The original natives of Manhattan- the Lenape- named the island Paggank (“nut island”) in reference to the huge supply of chestnut and oak trees. It was later renamed Nutten Island by Dutch explorer Adriaen Block. The name Governor’s Island, made official in 1784, comes from the British colonial era, when the island was used exclusively by the city’s royal governors.
Italian explorer Giovanni da Verrazzano was the first European to discover the existence of Paggank island. Exactly 100 years later, the island became the official landing place of the first ever settlers in New Netherland. 30 families of men, women and children took possession in 1624 and planted the seeds of what would later become the famous Dutch colony.
The Dutch reign didn’t last very long, as New Netherland was ceded to the British after only 40 years. Along with the rest of the city, the land was declared New York and put under total control of the English crown.
What really distinguishes Governor’s Island from the rest of the city is its’ history as a military base.
This all began in 1633 with Wouter Van Twiller, the 5th director-general of New Netherland. He operated a farm on the island, bringing a 104 man regiment along with him.
During the American Revolutionary War, the Continental Army raised defensive troops on the island in order to fire on British ships. General Israel Putnam fortified the island with 40 cannons in preparation. Thanks to their efforts, British commanders chose not to enter up the East River, leading to the success of George Washington’s retreat from Brooklyn into Manhattan after the Battle of Brooklyn.
Following the end of the American Revolution, the tension between the Unites States and the newly overturned French crown prompted the construction of Castle Williams.

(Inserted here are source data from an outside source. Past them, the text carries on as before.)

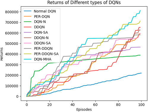 • Noisy networks (DQN-N): they enhance exploration efficiency by injecting noise into the network weights.
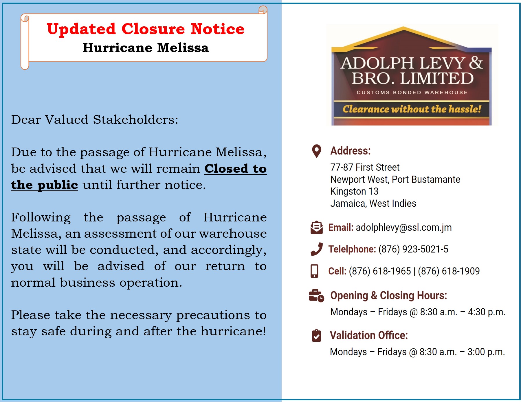 Adolph Levy & Bro. Ltd. (ALB), which has been in operation for over 30 years, is a privately owned Customs Bonded Warehouse strategically located close to Jamaica’s Main Port of Entry.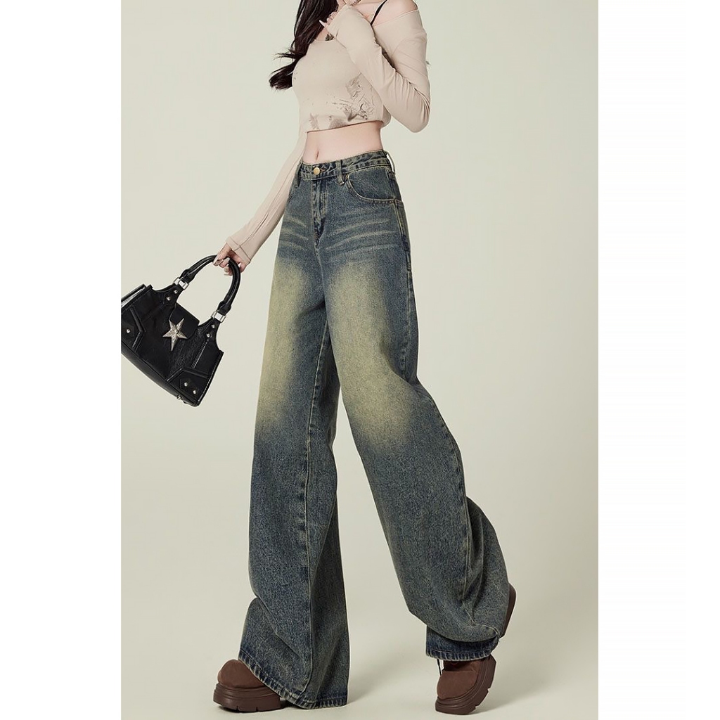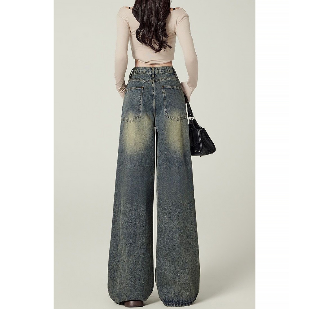 Keygirl Retro Kuot Highwaist Celana Panjang Wanita baggy Wide Leg jeans premium

Based on designs by Colonel Jonathan Williams, the fort was completed by late 1811, and later used to defend the city in the War of 1812 against the British. Castle Williams would later become a holding place for Confederate prisoners during the Civil War and eventually the east coast counterpart to Alcatraz Island in California.

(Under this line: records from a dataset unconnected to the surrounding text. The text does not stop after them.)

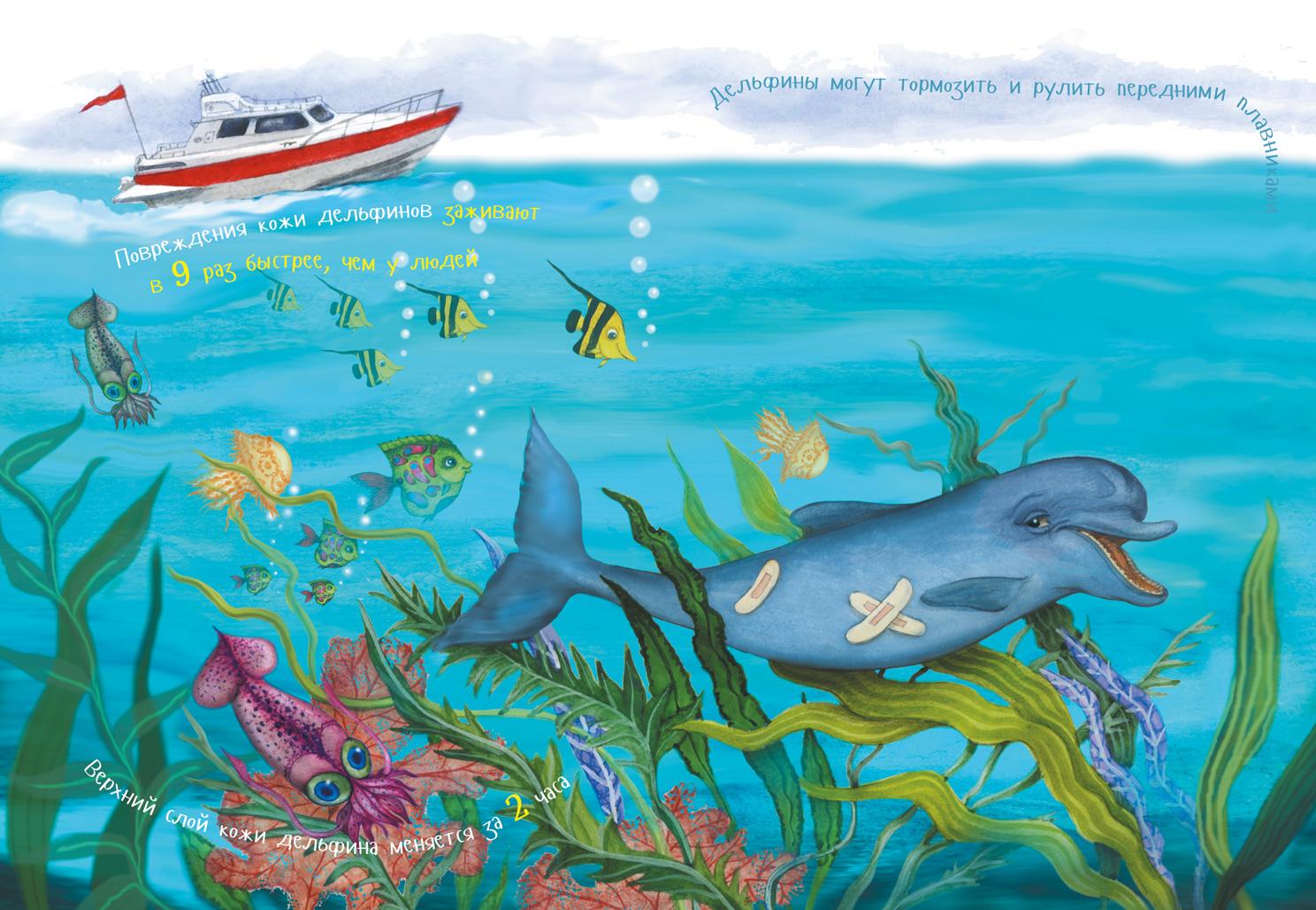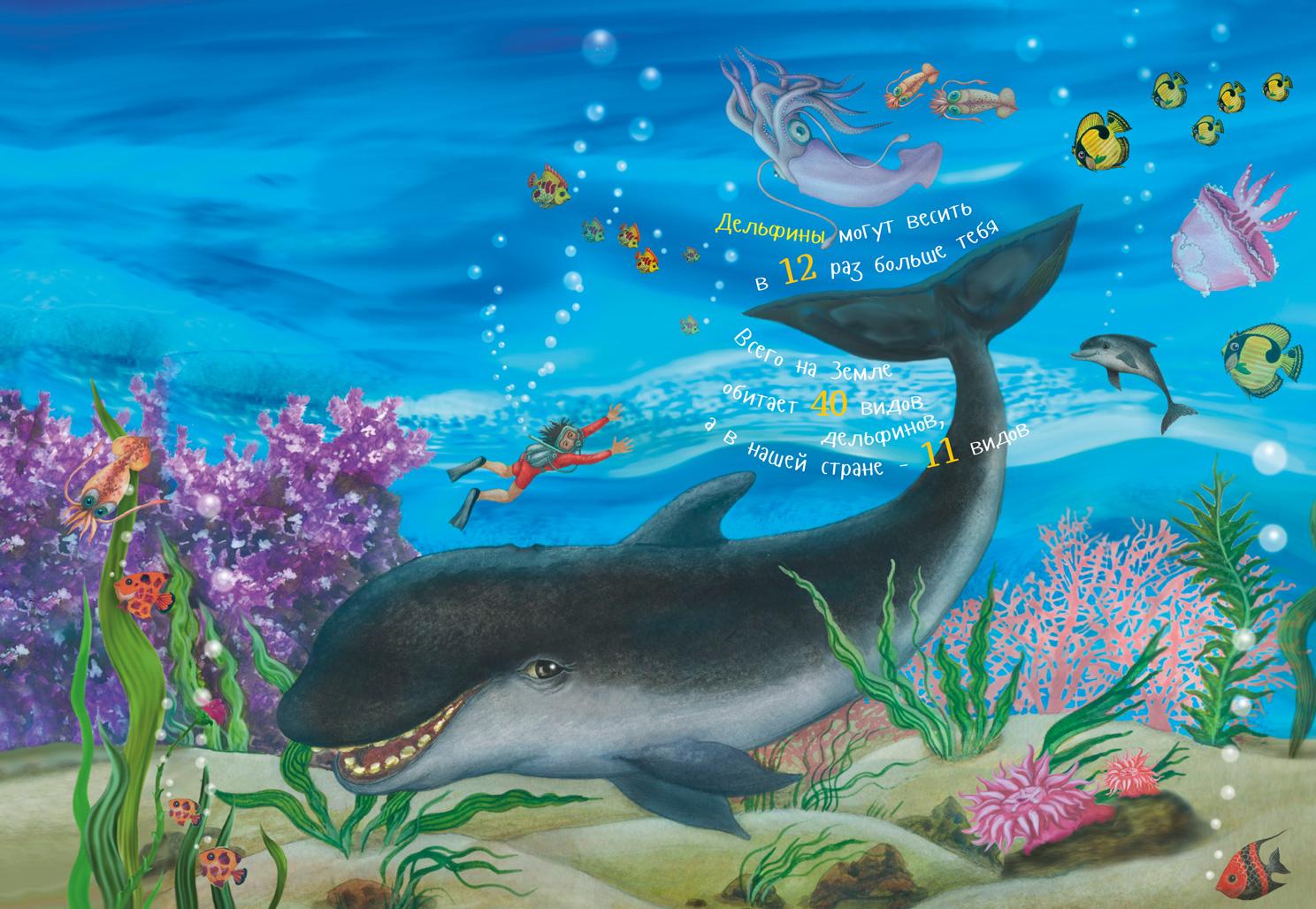 А-а! Я дельфи́н из лучшего в мире отряда китообразных. Наш весёлый народ живёт в воде. Но мы не молчим, как рыбы, мы — умные, разговорчивые млекопитающие. Дельфины бывают морские и речные. Я, например, морской. Пресная вода скучная, а я люблю кудрявые волны и солёные шутки, они бьют из меня фонтаном, как из кита. Дельфиньих родов миллион! Думаете, я сочиняю? Вообще-то, да... Но их правда много. Самый известный среди нас — афали́на. Это мой вид, мы живём в Чёрном и Средиземном морях. Мы очень разные! Самые большие дельфины — косатки, они весят 8 тонн. Многие даже думают, что это настоящие киты, — из-за их гигантского размера! Самые маленькие дельфины — мауи, обитающие в Новой Зеландии. Вес мауи около 50 килограммов, в 3–6 раз меньше, чем у меня.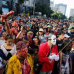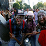 Los zombis invadieron este sábado las calles del Centro Histórico por décimo año consecutivo, pero esta vez la terrorífica marcha tuvo como propósito ayudar a los damnificados de los sismos de los días 7 y 19 de septiembre.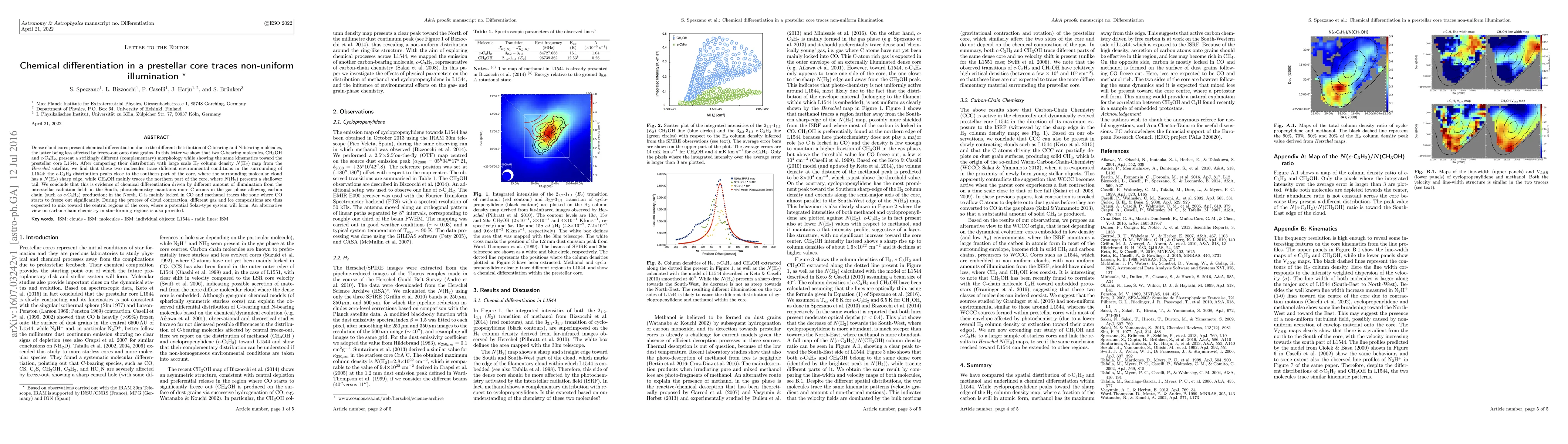 Dense cloud cores present chemical differentiation due to the different distribution of C-bearing and N-bearing molecules, the latter being less affected by freeze-out onto dust grains. In this letter we show that two C-bearing molecules, CH$_3$OH and $c$-C$_3$H$_2$, present a strikingly different (complementary) morphology while showing the same kinematics toward the prestellar core L1544. After comparing their distribution with large scale H$_2$ column density N(H$_2$) map from the Herschel satellite, we find that these two molecules trace different environmental conditions in the surrounding of L1544: the $c$-C$_3$H$_2$ distribution peaks close to the southern part of the core, where the surrounding molecular cloud has a N(H$_2$) sharp edge, while CH$_3$OH mainly traces the northern part of the core, where N(H$_2$) presents a shallower tail. We conclude that this is evidence of chemical differentiation driven by different amount of illumination from the interstellar radiation field: in the South, photochemistry maintains more C atoms in the gas phase allowing carbon chain (such as $c$-C$_3$H$_2$) production; in the North, C is mainly locked in CO and methanol traces the zone where CO starts to freeze out significantly. During the process of cloud contraction, different gas and ice compositions are thus expected to mix toward the central regions of the core, where a potential Solar-type system will form. An alternative view on carbon-chain chemistry in star-forming regions is also provided.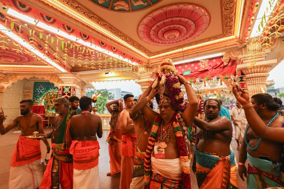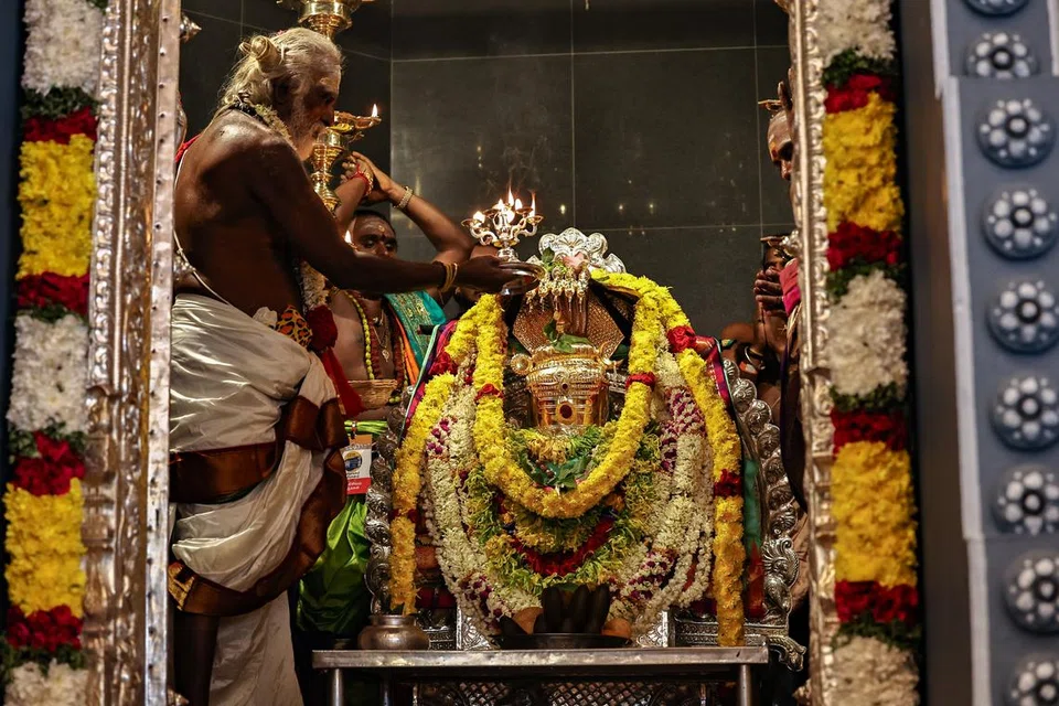 ஆலயத்தின் தலைமை அர்ச்சகர் ஸ்ரீ மீனாக்ஷி சுந்தர சிவாச்சாரியார் அலங்கரிக்கப்பட்ட கடத்தைச் சுமந்து மூலவர் சந்நிதிக்குச் செல்கிறார். - படம்: த.கவி

Starting in 1878, the military installation on the island became a major United States Army post. Families started moving in while more recreational and educational facilities were built on the island. The first incinerator in the United States was built on Governor’s Island in the year 1885.
Shortly afterwards, excavated material from the first New York City subway was deposited on the southern edge of the island, adding 103 acres and bringing the grand total to 172.

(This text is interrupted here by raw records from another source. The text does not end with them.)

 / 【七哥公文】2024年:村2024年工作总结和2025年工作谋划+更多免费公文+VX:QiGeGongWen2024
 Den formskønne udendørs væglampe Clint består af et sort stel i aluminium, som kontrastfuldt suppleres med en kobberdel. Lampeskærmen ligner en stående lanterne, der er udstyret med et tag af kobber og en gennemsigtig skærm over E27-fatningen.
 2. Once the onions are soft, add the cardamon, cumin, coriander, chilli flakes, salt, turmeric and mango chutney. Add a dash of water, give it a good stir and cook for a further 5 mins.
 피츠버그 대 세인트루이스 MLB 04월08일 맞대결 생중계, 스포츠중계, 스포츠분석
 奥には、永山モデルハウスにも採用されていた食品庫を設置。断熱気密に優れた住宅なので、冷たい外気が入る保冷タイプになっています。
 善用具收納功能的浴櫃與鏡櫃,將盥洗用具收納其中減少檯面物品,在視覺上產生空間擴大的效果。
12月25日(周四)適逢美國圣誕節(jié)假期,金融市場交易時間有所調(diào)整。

Before long, the Army left Governors Island and the land later became a major United States Coast Guard base, the largest instillation of its kind with a self-contained residential community and a population of over 3,500. However, due to its high operations cost and remote location, the base was closed in 1995. But not before becoming home to now famous author Louis Lowry, who lived on the island during her teenage years while her father served as a dentist.
On February 4, 1985, 92 acres of the island was recognized as a National Historic Landmark. This prompted Governor’s Island to serve as the center of various historic events. First, as the setting for the relighting of the refurbished Statue of Liberty. Then, in 1988, as the location of Ronald Regan’s final meeting as president. Finally, in 1993, Governor’s Island sponsored talks between Haitian political leaders to help restore democratic rule in Haiti- which resulted in the Governors Island Accord.
Once the Coast Guard left, the city began conversing with private developers and city planners to discuss potential ideas for the island’s future. An ideas competition called “Public Property” was hosted, open to anyone who registered. Over 200 entries from 14 different countries were received.
The federal government announced it would sell Governor’s Island to the people of New York for a very small cost, in order to be used for public benefit. In 2003, 150 acres were transferred to the city of New York for just $1.
By 2012, ground was broken on a new park and public spaces designed by a landscape architecture firm known as West 8. By 2015, the Oyster Pavilion waterfront oyster bar opened to the public, followed by The Hills in 2016- the last piece of redeveloped land featuring four hills and four long slides ranging from 25 to 70 ft.
Even today, the island continues to introduce new programs and activities to further connect to the city and its locals. This past summer, a glamorous camping retreat (otherwise known as “glamping”) allowed its customers to experience exclusive access to the island, along with private accommodations and daily activities.
Other experiences on the island include free walking tours, biking, picnics, art, festivals, concerts. The northern tip of the island features an artificial beach operated by New York Water Taxi. Visit Picnic Point and Hammock Grove. Or check out the original Coast Guard buildings and barracks in the areas yet to be redeveloped.
Yearly events include the Governor’s Island Art Fair, the Jazz Age Lawn Party, Disco Nights and Outdoor Films.
In the early years, Governors Island was only open on the weekends. Nowadays, you can visit any day of the week from May 1 through October 31. The ferry can be accessed in the Battery Maritime Building, located next to the Staten Island Ferry terminal. Service is every half hour for just $3.